> **Records to process**:
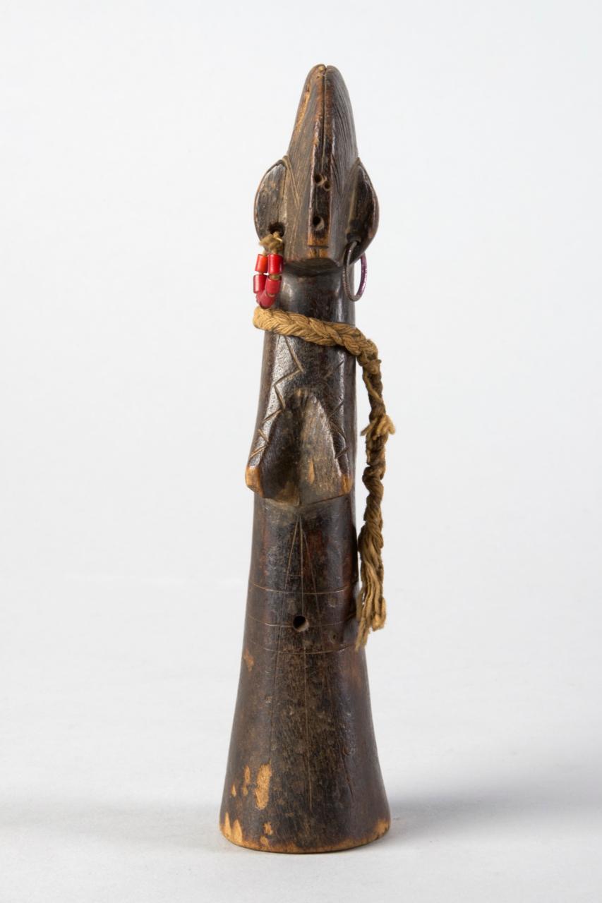 BAMBOLA BIIGA- Figura antropomorfa a base conica. Evidenziati sono la testa, l'acconciatura, le orecchie e i seni. Assente la rappresentazione degli arti inferiori e superiori. Orecchini alle orecchie e corda al collo.
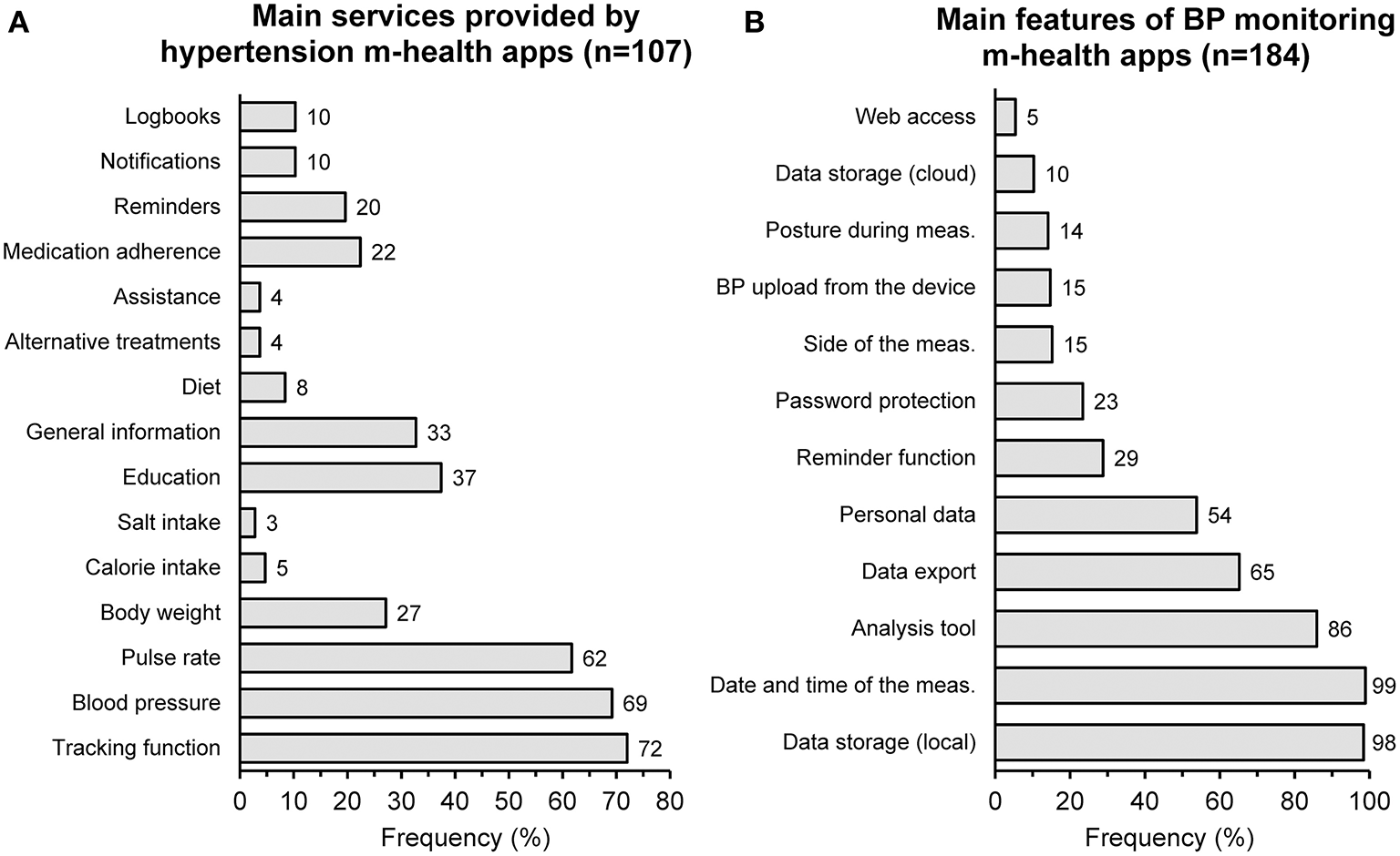 Main services provided by hypertension m-health apps according to a survey of 107 different products (A) and main characteristics of m-health apps used for blood pressure (BP) monitoring according to another survey of 184 applications (B) [redrawn from (52) and (53) by permission].
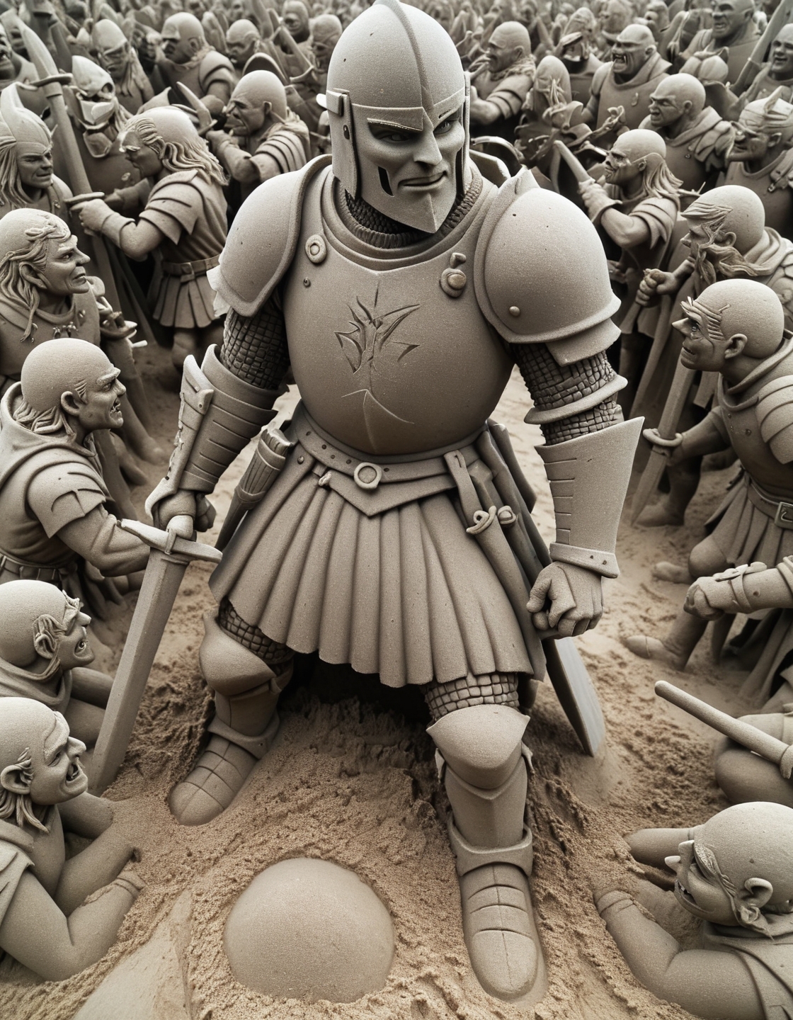 📜 描述:此 LoRA 可将任何提示和场景转换为逼真的沙雕作品。它最适合使用简洁、直接的自然语言提示,避免描述颜色和纹理细节,仅以概括性方式描述场景。
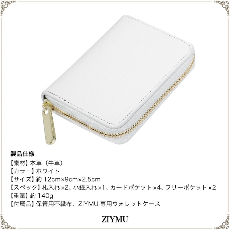 ZIYMU W2-002 Short Wallet, Round Zipper, Coin Purse, Genuine Leather, Embossed Cowhide Leather, Case Included, 4 color, white
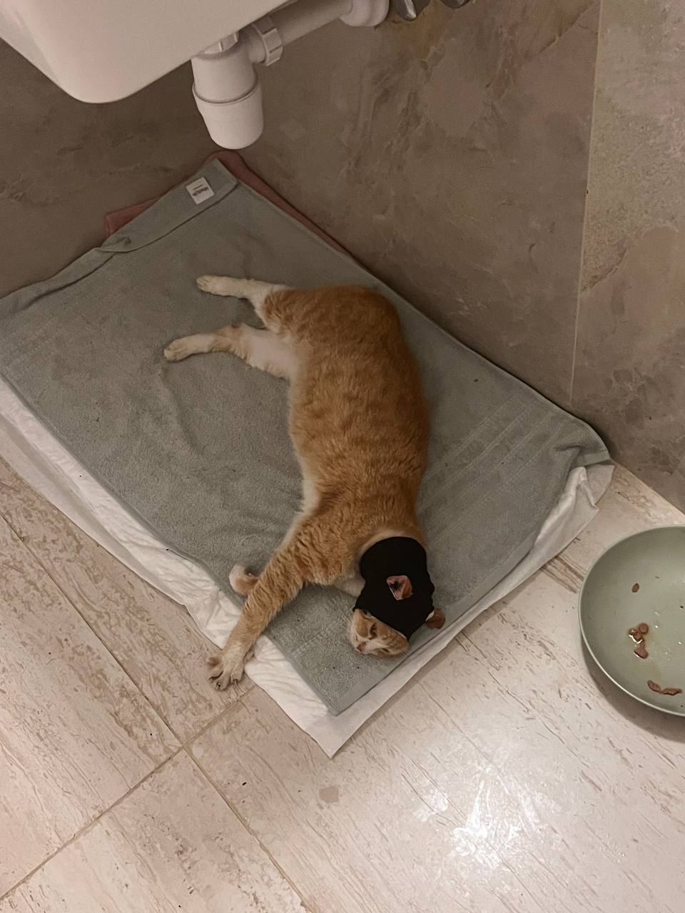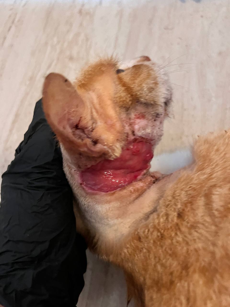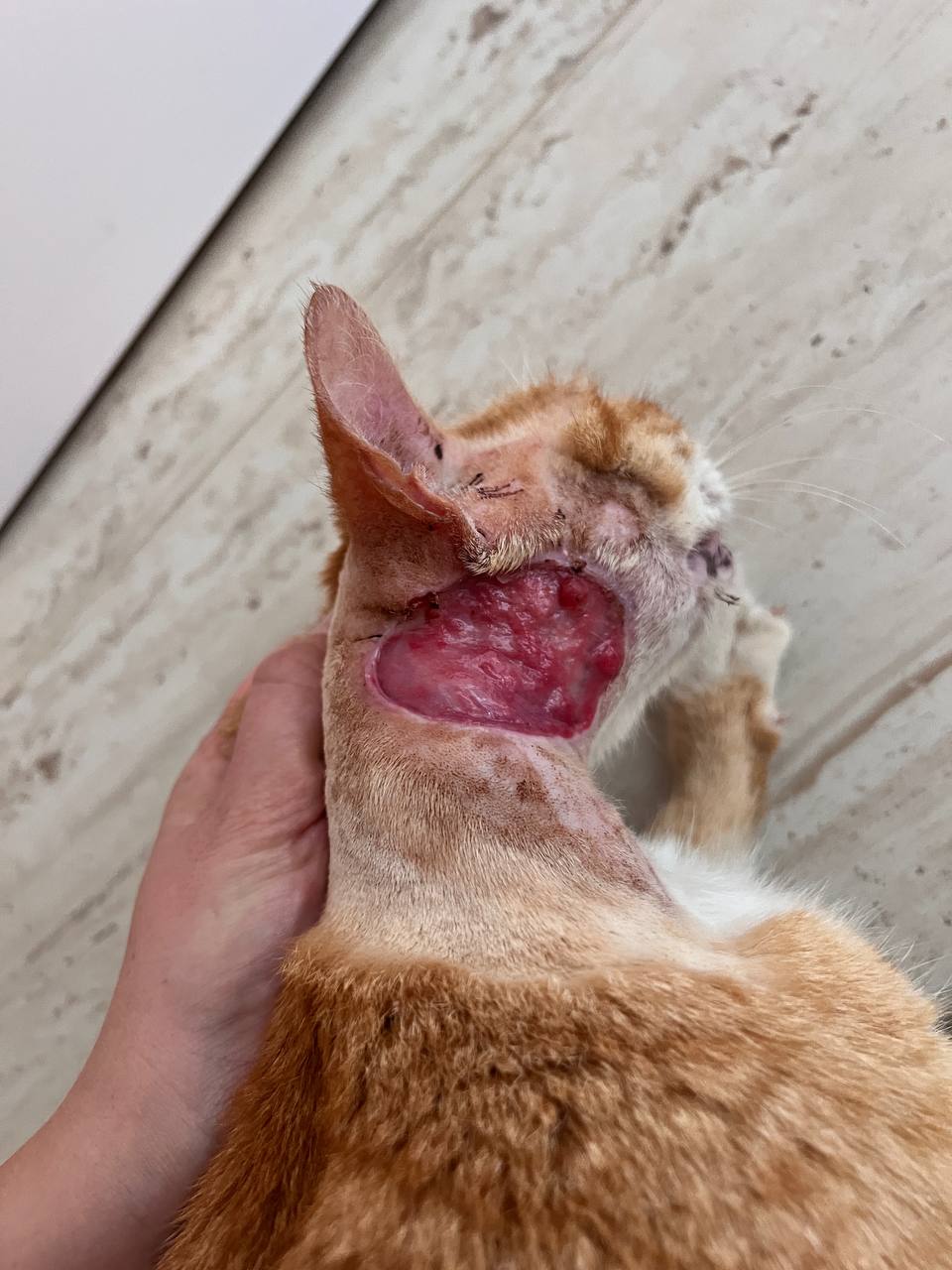 Сегодня девушка одолжила мне переноску, и я отвезла кошку в Animal Health, где ему поставили седативный укол, побрили, обработали рану, укололи антибиотик, капли от блох и клещей закапали, и показали, чем обрабатывать кота в течении 10 дней. Сказали если не поможет, то нужна операция по ушиванию раны (
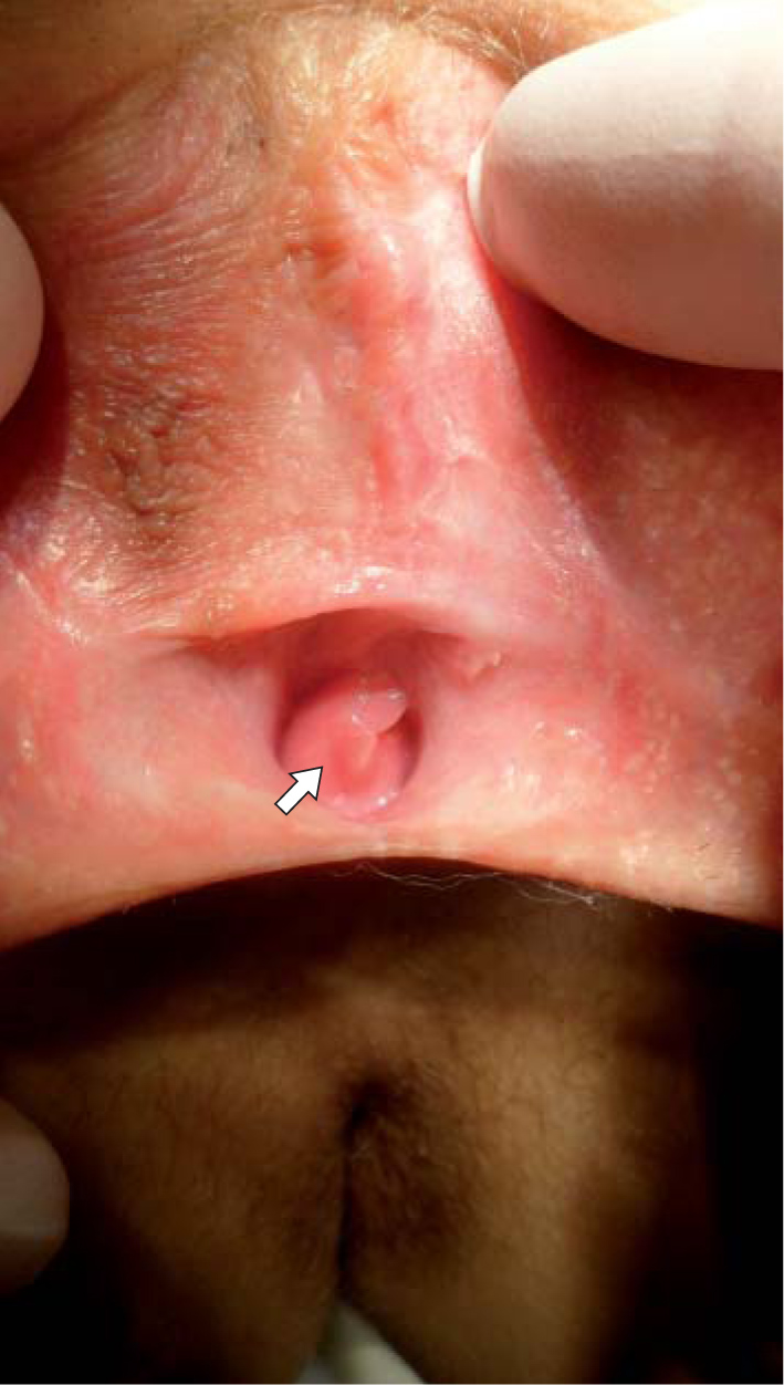5. Fig. 2. A typical appearance of the external genitalia after the first stage of feminizing plastic surgery. Artificially created labia minora (black arrows) and the clitoris head (white arrow) are determined. | |
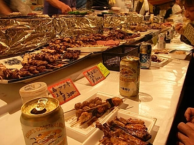 で、ゆっくり飲める場所といえば靖国の参道の方です。境内で酒を飲むためにはひと工夫いるけれども、こっちは堂々と飲めるのがありがたい。22時までは宴会もOK。
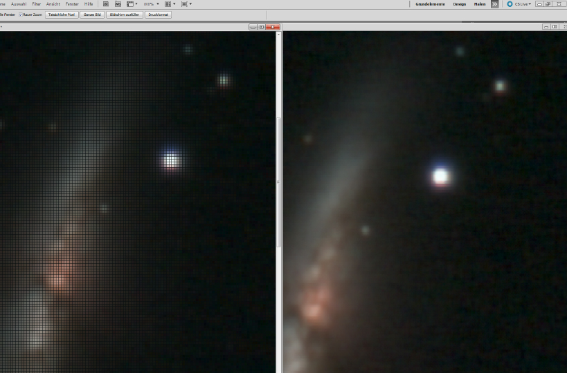 Die linken Bilder sind jeweils ungedrizzelt, die rechten Bilder gedrizzelt, jeweils Ausschnitte. Dabei ist die obere Reihe in 100% Größe wie das RAW (also das gedrizzelte Bild wurde da verkleinert), in der unteren Reihe sind die Bilder 200% der RAW-Größe (das nicht gedrizzelte Bild wurde also doppelt so groß gemacht, das gedrizzelte Bild war ja eh' schon doppelt so groß).
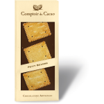 Ingrédients: Chocolat lait (pâte de cacao 36%, sucre, lait entier en poudre, pur beurre de cacao, lécithine de soja, arôme naturel de vanille, sel). Petit beurre (farine de blé (gluten), sucre, beurre frais de baratte (lait) 20%, oeufs frais entiers, jaunes d'oeufs, poudre de lait écrémé, sel de guérande, poudre à lever (diphosphate disodique, carbonate acide de sodium), arôme naturel. Traces éventuelles d'arachides, fruits à coques.
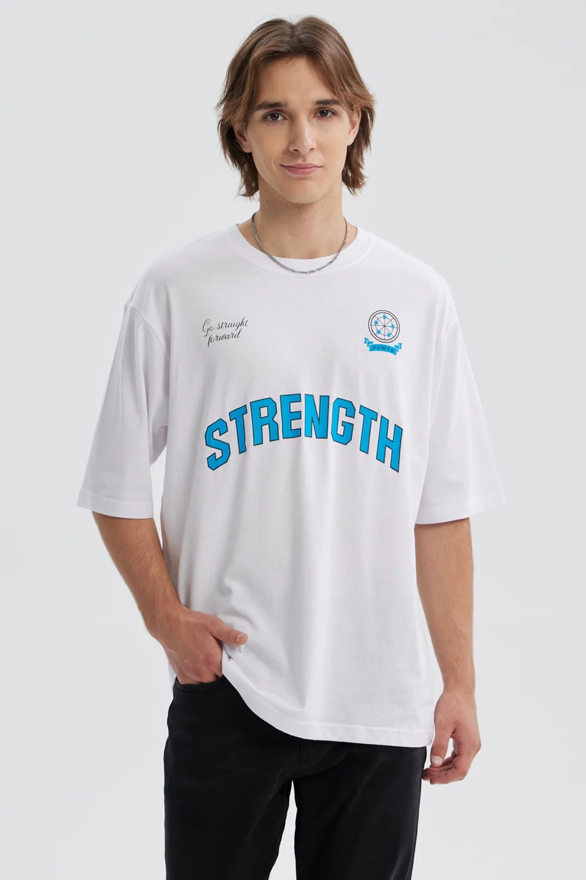 Esta polera blanca para hombre destaca por su diseño estampado que transmite fuerza y estilo. Confeccionada en un suave algodón, ofrece una sensación cómoda y ligera, ideal para un look casual y desenfadado. Perfecta para un día relajado con amigos o un paseo por la ciudad. Combínala con jeans oscuros y zapatillas blancas para un estilo fresco y moderno.
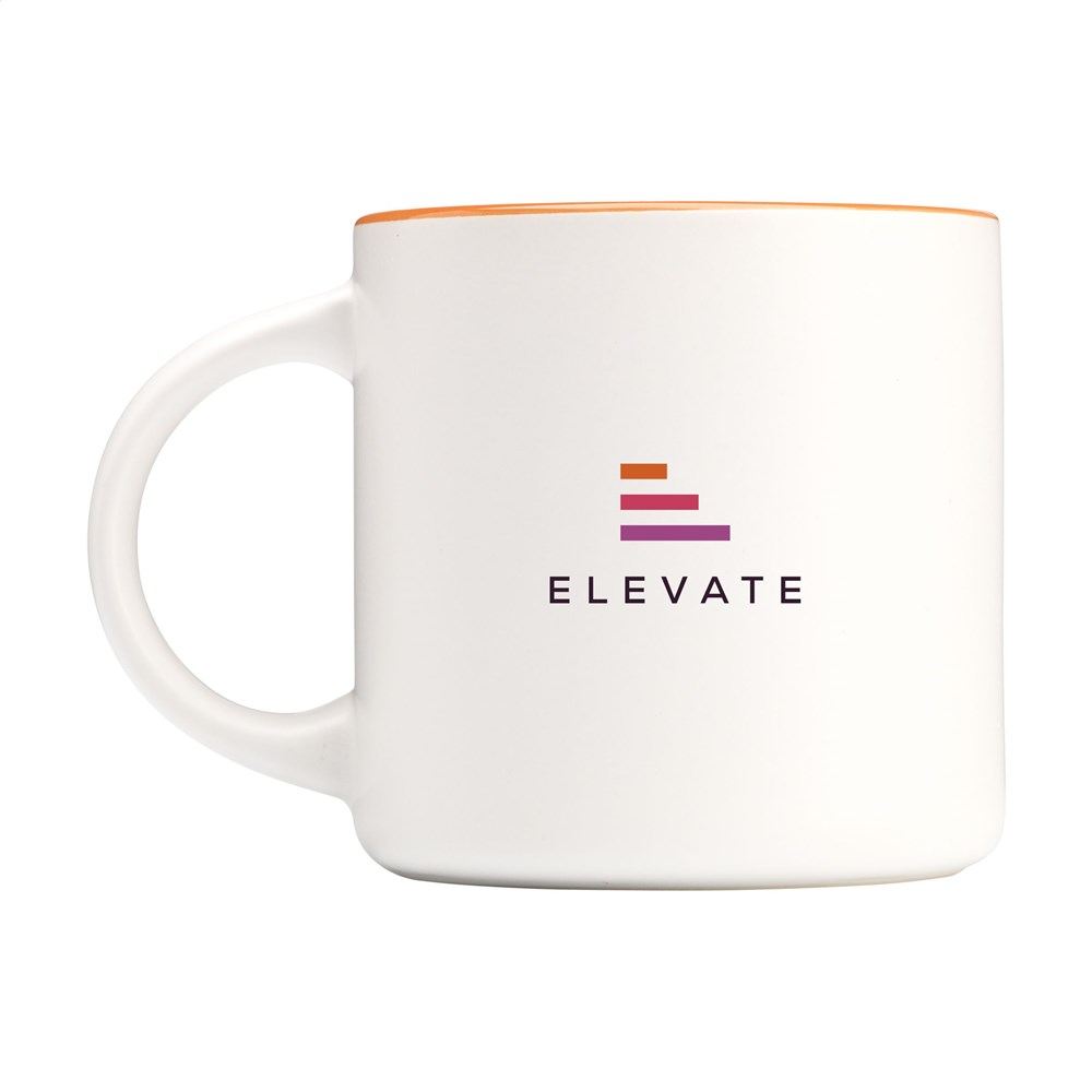 Becher aus hochwertiger Keramik. Mit matter Außenseite und einer farbigen Hochglanz-Innenseite. Spühlmachinenfest. Fassungsvermögen 330 ml.

> **Try it**: An exact printout of the entries is wanted, covering the first line through the line holding "で、ゆっくり飲める場所といえ", with pictures kept out of it.

> **Solution**:
 BAMBOLA BIIGA- Figura antropomorfa a base conica. Evidenziati sono la testa, l'acconciatura, le orecchie e i seni. Assente la rappresentazione degli arti inferiori e superiori. Orecchini alle orecchie e corda al collo.
 Main services provided by hypertension m-health apps according to a survey of 107 different products (A) and main characteristics of m-health apps used for blood pressure (BP) monitoring according to another survey of 184 applications (B) [redrawn from (52) and (53) by permission].
 📜 描述:此 LoRA 可将任何提示和场景转换为逼真的沙雕作品。它最适合使用简洁、直接的自然语言提示,避免描述颜色和纹理细节,仅以概括性方式描述场景。
 ZIYMU W2-002 Short Wallet, Round Zipper, Coin Purse, Genuine Leather, Embossed Cowhide Leather, Case Included, 4 color, white
 Сегодня девушка одолжила мне переноску, и я отвезла кошку в Animal Health, где ему поставили седативный укол, побрили, обработали рану, укололи антибиотик, капли от блох и клещей закапали, и показали, чем обрабатывать кота в течении 10 дней. Сказали если не поможет, то нужна операция по ушиванию раны (
5. Fig. 2. A typical appearance of the external genitalia after the first stage of feminizing plastic surgery. Artificially created labia minora (black arrows) and the clitoris head (white arrow) are determined. | |
 で、ゆっくり飲める場所といえば靖国の参道の方です。境内で酒を飲むためにはひと工夫いるけれども、こっちは堂々と飲めるのがありがたい。22時までは宴会もOK。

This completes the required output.